*Task to carry out:*
The response should contain all of the data below, reproduced exactly, and no pictures.

*Given information:*

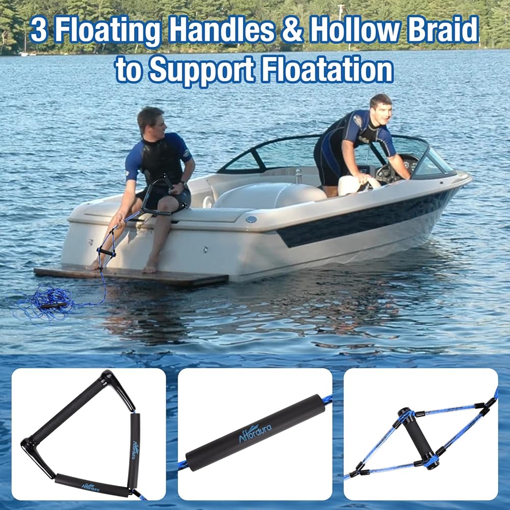 • مقبض عائم - ثلاثة مقابض عائمة متضمنة، مصممة بمقبض EVA وقلم رصاص لدعم الطفو، والحفاظ على حبل لوح الاستيقاظ الخاص بك بعيدًا عن المراوح وتسهيل استرجاعه.
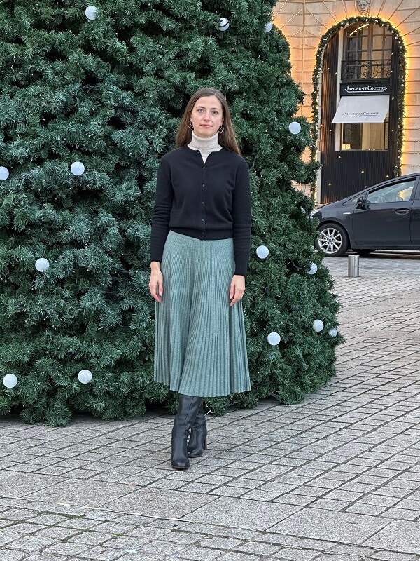 Coupe de la jupe : Une coupe évasée ou droite peut influencer la perception du volume créé par les plis. Une jupe ajustée à la taille est plus flatteuse.
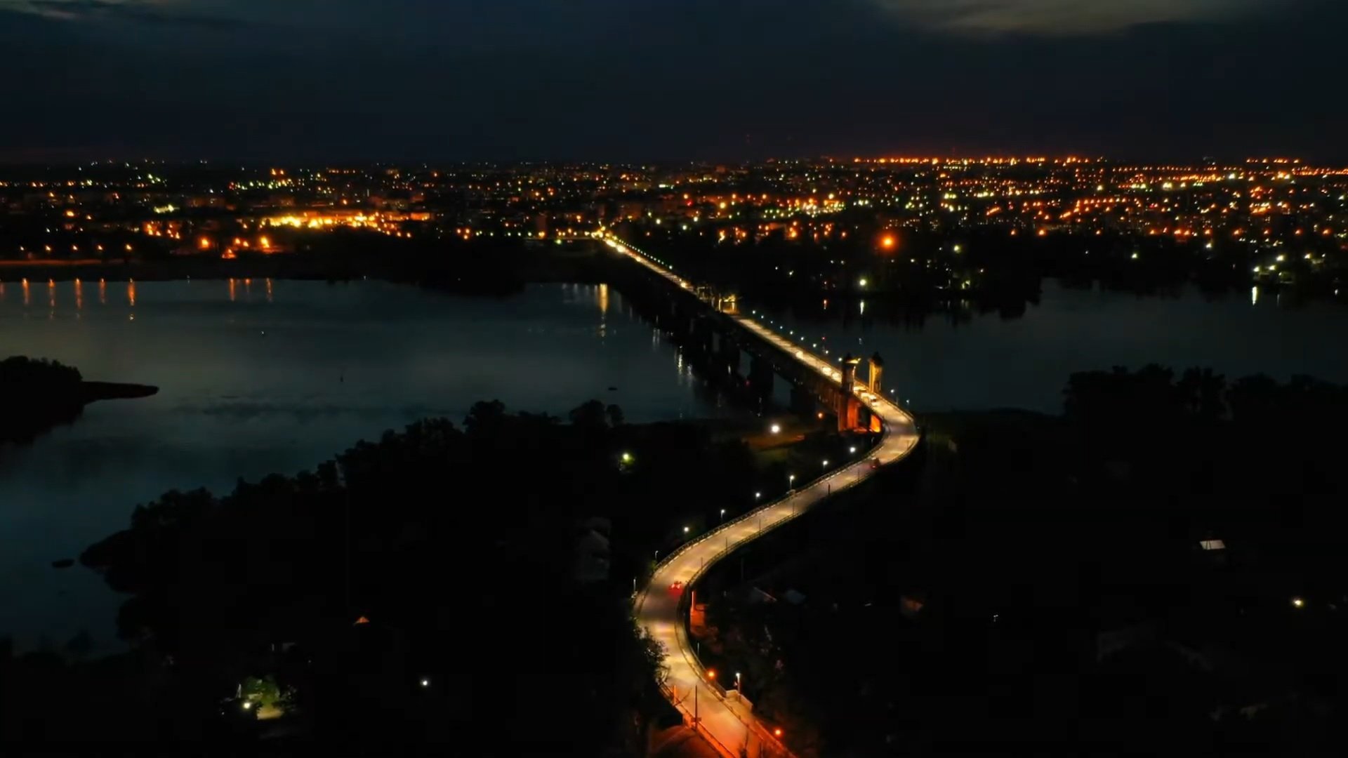 Предлагаем посмотреть видео от творческой студии «Полёт», на котором запечатлён ночной Крюковский мост з высоты птичьего полета.
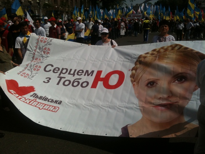 Активисты Львовской организации «Батькивщины» привезли в Киев на митинг «Вставай, Украина!» огромный баннер с фотографией Юлии Тимошенко.
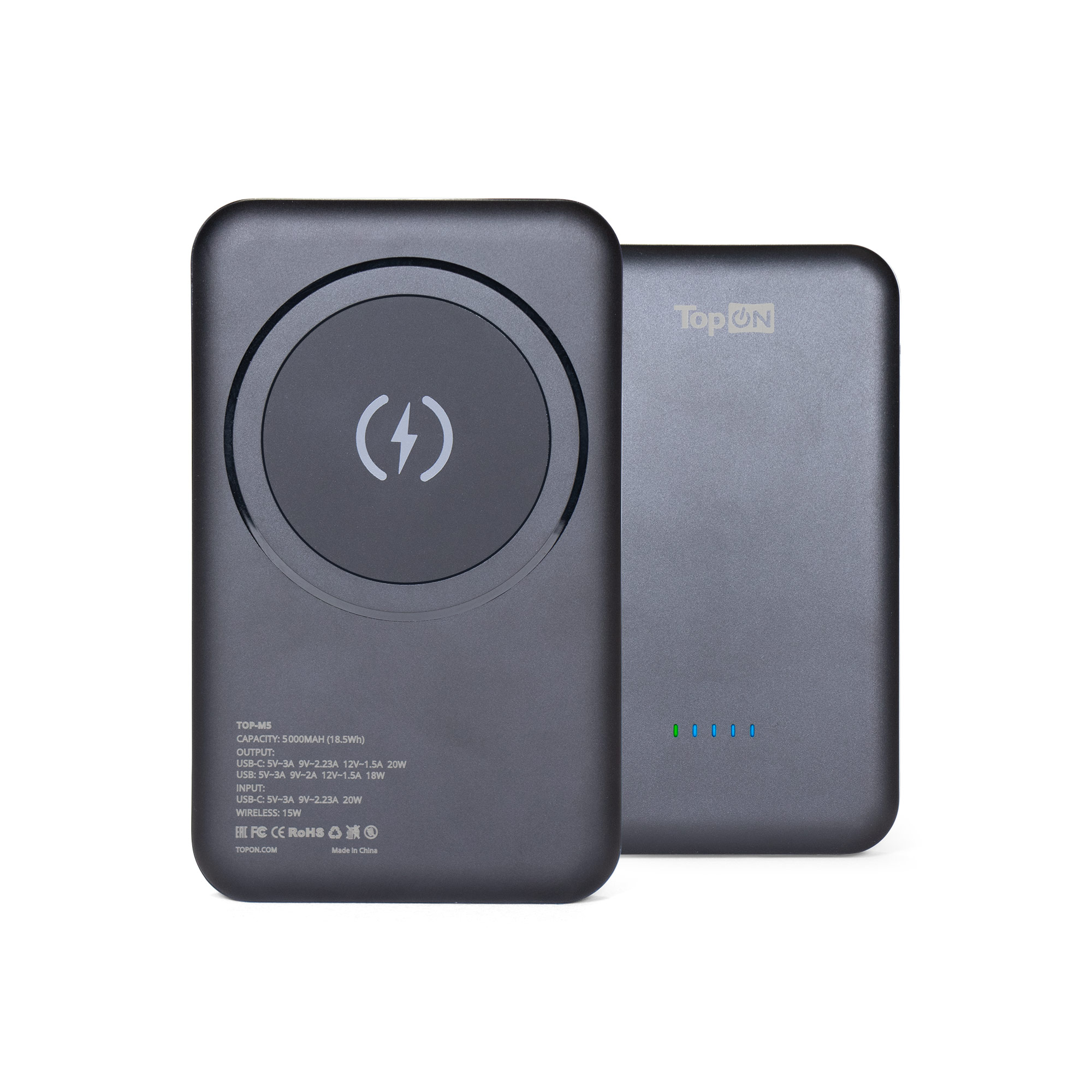 Внешняя аккумуляторная батарея TopON TOP-M5 имеет модуль беспроводной зарядки Qi на 15W на магнитном креплении MagSafe, с помощью которого можно заряжать смартфоны, планшеты, футляры наушников и другие гаджеты без провода. Магнитное крепление позволяет удобно и надежно зафиксировать внешнюю батарею на Apple iPhone 12, iPhone 12 Pro, iPhone 12 Pro Max, iPhone 13 mini, iPhone 13, iPhone 13 Pro, iPhone 13 Pro Max и Samsung Galaxy Z Fold 3, как беспроводная магнитная зарядка Apple MagSafe Charger (MHXH3ZE/A), или внешний аккумулятор MagSafe Battery Pack (MJWY3ZE/A), обеспечивая точное совмещение модуля беспроводной зарядки и встроенного приемника ресивера в смартфоне.
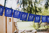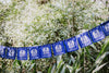 • This is truly an eye-catching set of prayer flags.  All ten flags are deep blue and printed in bright white.
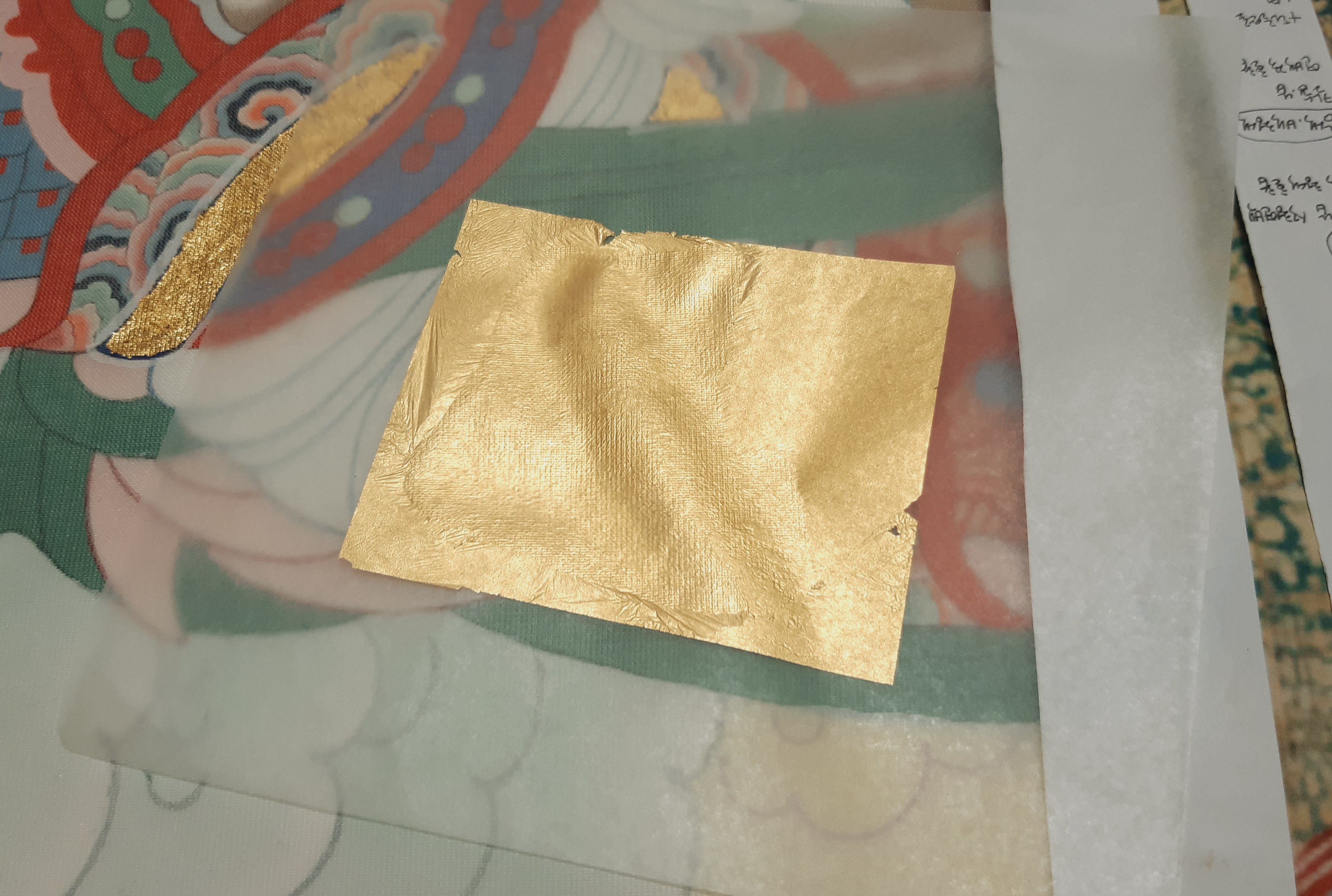 붙이고 난 후 비단의 올이 금박위로 올록 볼록 보이는 것이 잘 붙은 것입니다. 금박이 스스로 달라 붙는 느낌 입니다.
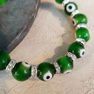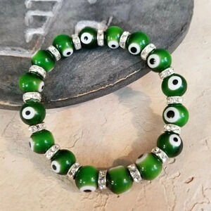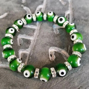 Handmade Green Black Turkish Evil Eye Glass Egyptian Crystal Talisman Bracelet
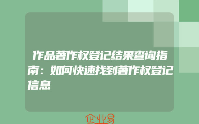 - 作品著作权登记结果查询指南:如何快速找到著作权登记信息
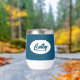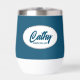 Offrez à votre demoiselle d'honneur de mariage ce gobelet à vin en acier inoxydable tendance et personnalisé, avec son nom en écriture stylisée à l'intérieur d'un design ovale blanc. La couleur de fond et l'écriture sont d'une couleur bleu sarcelle. Parfait pour une soirée de bachelorette également ! Personnalisez votre gobelet à vin en modifiant et en remplaçant le nom de la demoiselle d'honneur par le nom souhaité. Disponible dans de nombreux schémas de couleurs de mariage de demoiselle d'honneur populaires.
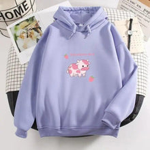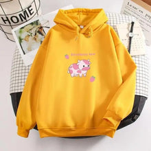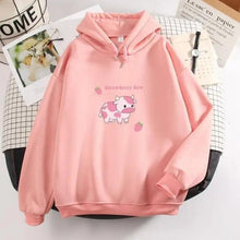 - UNIQUE DESIGN- Classic but funny hoodie women's sweatshirt, designed with super cute strawberries and cows. With hoods and pockets, black, pink, apricot, green long-sleeved hooded pullover sweatshirt, casual loose fit, fashion and cool print hoodies jumper, baggy casual style. The women's autumn winter hoodie is suitable for all people.

*Result for this task:*
 • مقبض عائم - ثلاثة مقابض عائمة متضمنة، مصممة بمقبض EVA وقلم رصاص لدعم الطفو، والحفاظ على حبل لوح الاستيقاظ الخاص بك بعيدًا عن المراوح وتسهيل استرجاعه.
 Coupe de la jupe : Une coupe évasée ou droite peut influencer la perception du volume créé par les plis. Une jupe ajustée à la taille est plus flatteuse.
 Предлагаем посмотреть видео от творческой студии «Полёт», на котором запечатлён ночной Крюковский мост з высоты птичьего полета.
 Активисты Львовской организации «Батькивщины» привезли в Киев на митинг «Вставай, Украина!» огромный баннер с фотографией Юлии Тимошенко.
 Внешняя аккумуляторная батарея TopON TOP-M5 имеет модуль беспроводной зарядки Qi на 15W на магнитном креплении MagSafe, с помощью которого можно заряжать смартфоны, планшеты, футляры наушников и другие гаджеты без провода. Магнитное крепление позволяет удобно и надежно зафиксировать внешнюю батарею на Apple iPhone 12, iPhone 12 Pro, iPhone 12 Pro Max, iPhone 13 mini, iPhone 13, iPhone 13 Pro, iPhone 13 Pro Max и Samsung Galaxy Z Fold 3, как беспроводная магнитная зарядка Apple MagSafe Charger (MHXH3ZE/A), или внешний аккумулятор MagSafe Battery Pack (MJWY3ZE/A), обеспечивая точное совмещение модуля беспроводной зарядки и встроенного приемника ресивера в смартфоне.
 • This is truly an eye-catching set of prayer flags.  All ten flags are deep blue and printed in bright white.
 붙이고 난 후 비단의 올이 금박위로 올록 볼록 보이는 것이 잘 붙은 것입니다. 금박이 스스로 달라 붙는 느낌 입니다.
 Handmade Green Black Turkish Evil Eye Glass Egyptian Crystal Talisman Bracelet
 - 作品著作权登记结果查询指南:如何快速找到著作权登记信息
 Offrez à votre demoiselle d'honneur de mariage ce gobelet à vin en acier inoxydable tendance et personnalisé, avec son nom en écriture stylisée à l'intérieur d'un design ovale blanc. La couleur de fond et l'écriture sont d'une couleur bleu sarcelle. Parfait pour une soirée de bachelorette également ! Personnalisez votre gobelet à vin en modifiant et en remplaçant le nom de la demoiselle d'honneur par le nom souhaité. Disponible dans de nombreux schémas de couleurs de mariage de demoiselle d'honneur populaires.
 - UNIQUE DESIGN- Classic but funny hoodie women's sweatshirt, designed with super cute strawberries and cows. With hoods and pockets, black, pink, apricot, green long-sleeved hooded pullover sweatshirt, casual loose fit, fashion and cool print hoodies jumper, baggy casual style. The women's autumn winter hoodie is suitable for all people.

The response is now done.